– Ну что же ты? – мой голос прозвучал хрипло, – или тебя колбасой закормили? Это хорошая, только понюхай.
Я понимала, что дело не в голоде. Животное выглядело исхудавшим, но еду игнорировало. Так бывает, когда…
– Хозяин у него умер с неделю тому назад. Одинокий старик. С тех пор пёс здесь дежурит каждый день. Как будто ждёт. Они всегда вместе в магазин приходили. Пса Кара Дус зовут, – я обернулась. На крыльце, скрестив руки, стояла продавщица из магазина. Страшного мужика не было видно.
– Послушайте, – я подошла ближе, – почему-то у меня такое ощущение, что людям здесь не нравится моё присутствие. Может быть, расскажете, что знаете? Мою бабушку здесь не любили?
Женщина вдруг смутилась, отвела глаза:
– Если вы про Азата, то он сегодня перепил с утра. Вот и бесится.
Сказать на это было нечего. Не начнешь же объяснять про свои неприятные ощущения и смутные предчувствия. Я кивнула и вернулась обратно. Присев на корточки, погладила пса по голове. Он поднял слезящиеся глаза. Я поднялась:
– Ну что, Кара Дус, чёрный друг, значит. Жаль, что не хочешь поесть, – я медленно пошла по направлению к дому.
Что-то ткнуло меня в ногу сбоку.

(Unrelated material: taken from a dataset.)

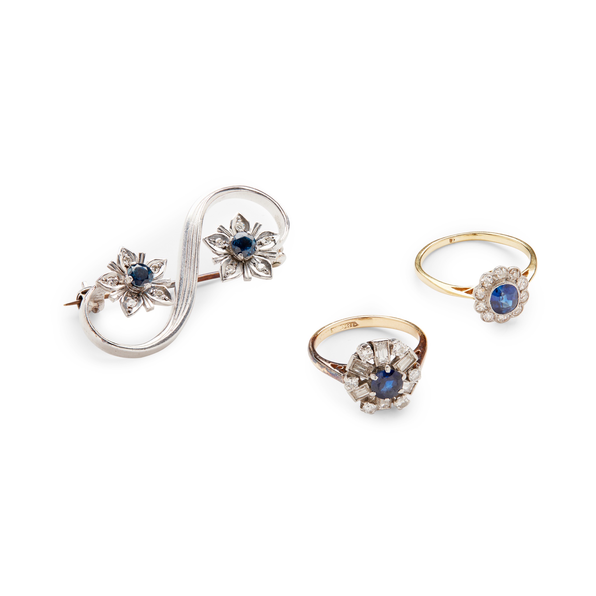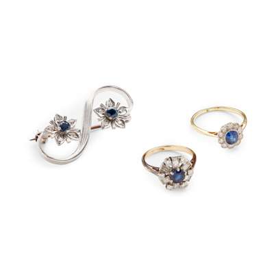 including a sapphire and diamond cluster ring, unmarked; a baguette and round brilliant-cut diamond and sapphire cluster ring, stamped 18ct; a 9ct gold sapphire and diamond floral brooch, by Hamilton & Inches

Испуганно опустив глаза вниз, я удивленно остановилась. Это был Кара Дус. Он стоял рядом, в умных глазах светился немой вопрос.
– Хочешь ко мне? Пошли, если так, – я развела руками, поняв его взгляд по-своему.
Зашагала вперёд, но пёс не тронулся с места. Пожав плечами, я нерешительно двинулась дальше. Мне вдруг показалось, что обитатели улицы, по которой я шла, дружно прильнули к окнам и следят за мной десятками пар глаз. Невидимые мне взоры были полны напряжения и злобы, а иногда откровенной ненависти.
«Плохо дело, Хамитова. Похоже на паранойю», – я пыталась посмеяться над собой, но чем дальше шла, тем более явственным и жутким становилось ощущение слежки. Стараясь убедить себя, что всё происходящее – лишь плод моего возбужденного воображения, я всмотрелась в дом, мимо которого проходила. И едва не вскрикнула в голос, потому что занавеска на одном окне совершенно отчетливо дёрнулась, задетая неосторожной рукой. В следующий момент я отпрыгнула в сторону, почувствовав сильный толчок в ногу. Открыв рот, чтобы громко закричать, я взглянула вниз. Передо мной стоял пёс Кара Дус, с зажатым в пасти куском той колбасы, что я дала ему возле магазина. Хвост его чуть заметно вилял.
К дому я подходила быстрым шагом, больше не вглядываясь в окна окружающих строений. Ощущение слежки не исчезло с появлением Карика, так я тут же стала называть бедного пса. Войдя в дом, я оглянулась на остановившегося гостя:
– Карик, заходи! – сначала не поняла, почему пёс мнётся, как будто не решаясь переступить порог жилища.
Потом осознала. Деревенские собаки обычно живут на улице и в дом их пускают редко, если только на дворе сильный мороз. Так было и у бабушки, когда у неё жили четвероногие друзья. Но я решила забрать Карика в Москву, если придётся возвращаться, а в том, что это событие не за горами, уже не приходилось сомневаться. Казалось, глухая неприязнь буквально выпирала в мою сторону из каждого двора, и я никак не могла понять, что такого натворила наша семья? Конечно, если это не игра моего воображения. Решив выяснить при удобном случае, почему моя персона вызывает такой негатив, я нетерпеливо махнула Кара Дусу:
– Заходи, не стесняйся! Привыкай жить в комфорте!
Карик вошёл, да так и остался стоять возле двери. Я не стала настаивать. Первым делом, разобрала продукты из пакета, поставила на зажженную конфорку плиты чайник. Потом устроила спальное место для нового друга: у бабушки было полно разных подстилок.